Economics minister, Pascal Couchepin (left), and his Polish counterpart, Jacek Piechota (rights) during their meeting in Warsaw swissinfo.ch

Switzerland is looking for new ways to invest in eastern European countries as the European Union's eastward expansion continues.

This content was published on February 19, 2002 - 15:11

The Swiss economics minister, Pascal Couchepin, went on a two-day visit to Poland and Hungary at the end of last week to look for new investment opportunities for Swiss businesses.

Jörg Reding, ambassador for bilateral economic relations at the state secretariat for economic affairs, Seco, believes that with the EU's eastward expansion, planned for 2004, Poland could become an increasingly important trading partner for Switzerland.

"Poland lies on the German border and when Poland joins the European Union, which they are hoping to do in 2004, it will become an important partner within the EU," Reding told swissinfo.

Rising exports

Poland is already Switzerland's largest trading partner in Eastern Europe with Swiss exports, which have doubled over the past six years, currently amounting to SFr1.2 billion ($700 million) per year.

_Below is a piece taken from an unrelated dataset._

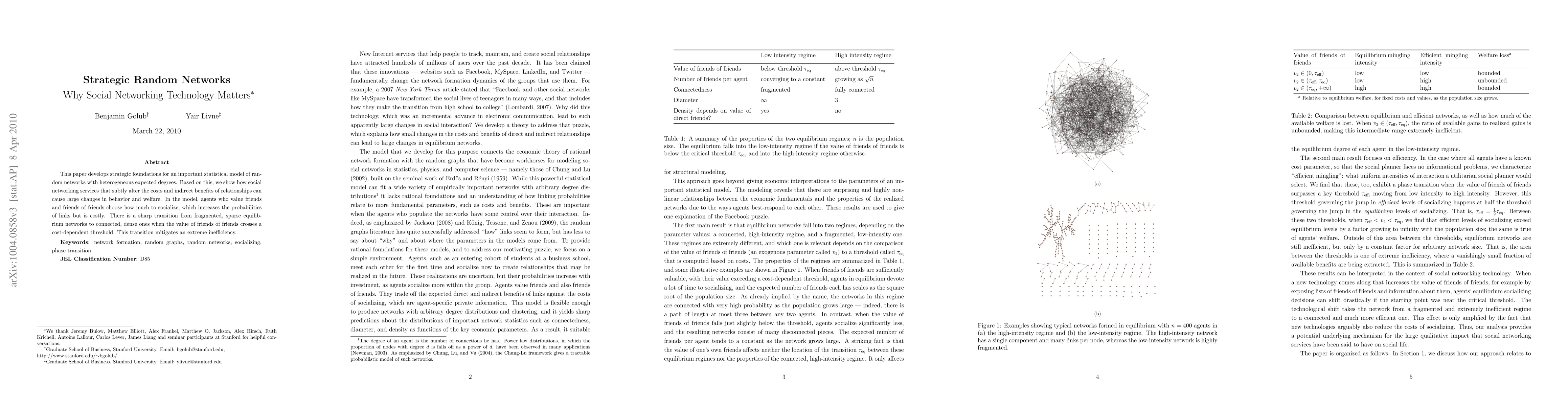 This paper develops strategic foundations for an important statistical model of random networks with heterogeneous expected degrees. Based on this, we show how social networking services that subtly alter the costs and indirect benefits of relationships can cause large changes in behavior and welfare. In the model, agents who value friends and friends of friends choose how much to socialize, which increases the probabilities of links but is costly. There is a sharp transition from fragmented, sparse equilibrium networks to connected, dense ones when the value of friends of friends crosses a cost-dependent threshold. This transition mitigates an extreme inefficiency.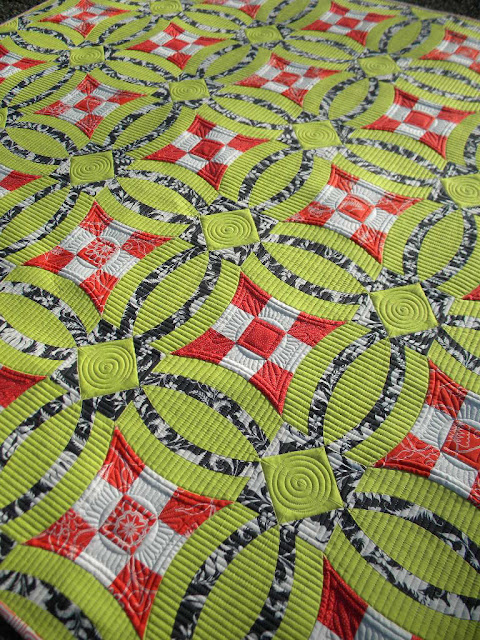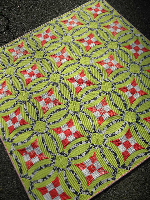 I've personally never seen a quilt done up in these colors. Tangerine orange, cactus green and black and white. I really wanted to capture a contemporary look using these colors for a quilt and really love how it turned out!

Even though Switzerland's investment in the Eastern European nation is already as high as SFr2 billion, Seco is hoping to boost this figure even further.

"Switzerland is the 13th largest investor in Poland worldwide, however, we are seventh or eighth in other countries. For this reason we want to increase our investment there and every time we go to Poland we are trying to find more investment opportunities," he said.

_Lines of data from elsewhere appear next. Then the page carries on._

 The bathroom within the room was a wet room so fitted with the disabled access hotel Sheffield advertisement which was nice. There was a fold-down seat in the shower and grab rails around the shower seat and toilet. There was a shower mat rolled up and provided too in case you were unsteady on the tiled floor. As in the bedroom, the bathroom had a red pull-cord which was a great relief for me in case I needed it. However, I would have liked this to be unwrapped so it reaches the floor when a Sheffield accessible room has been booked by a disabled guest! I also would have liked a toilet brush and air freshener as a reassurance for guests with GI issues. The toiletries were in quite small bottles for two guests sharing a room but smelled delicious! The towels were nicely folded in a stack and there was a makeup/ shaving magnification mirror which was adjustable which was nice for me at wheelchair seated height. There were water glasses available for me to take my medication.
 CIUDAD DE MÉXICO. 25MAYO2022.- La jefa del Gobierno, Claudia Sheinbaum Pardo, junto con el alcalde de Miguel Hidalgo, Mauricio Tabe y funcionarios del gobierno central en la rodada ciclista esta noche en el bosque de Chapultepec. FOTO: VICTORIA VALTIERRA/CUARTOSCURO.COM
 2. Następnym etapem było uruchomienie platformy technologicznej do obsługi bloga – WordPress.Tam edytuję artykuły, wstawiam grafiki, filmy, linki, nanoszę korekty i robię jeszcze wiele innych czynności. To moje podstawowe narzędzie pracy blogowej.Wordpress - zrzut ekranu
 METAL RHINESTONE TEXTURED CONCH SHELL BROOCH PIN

According to Reding, Switzerland's biggest trading partner is the United States with a total of SFr70bn, followed by the United Kingdom with SFr35bn.

Eastern markets

However, Seco is not only looking to Poland to find further investment opportunities in Eastern Europe. Other countries, such as Hungary, Slovakia, Bulgaria and Romania, are also on the list.

According to Reding, there has always been a special relationship with Hungary as a large number of Hungarians came to live in Switzerland after the uprising against communist rule in 1956. However, after the collapse of communism many of them returned back home.

"We are already the seventh largest investor in Hungary and our overall investment there amounts to SFr1 billion," he said.

However, he believes that Slovakia could be Switzerland's next major trading partner in Eastern Europe.

"Slovakia's restructuring came later than in other countries, but they have made a tremendous progress over the last two years regarding their co-operation and negotiations with the EU," he said.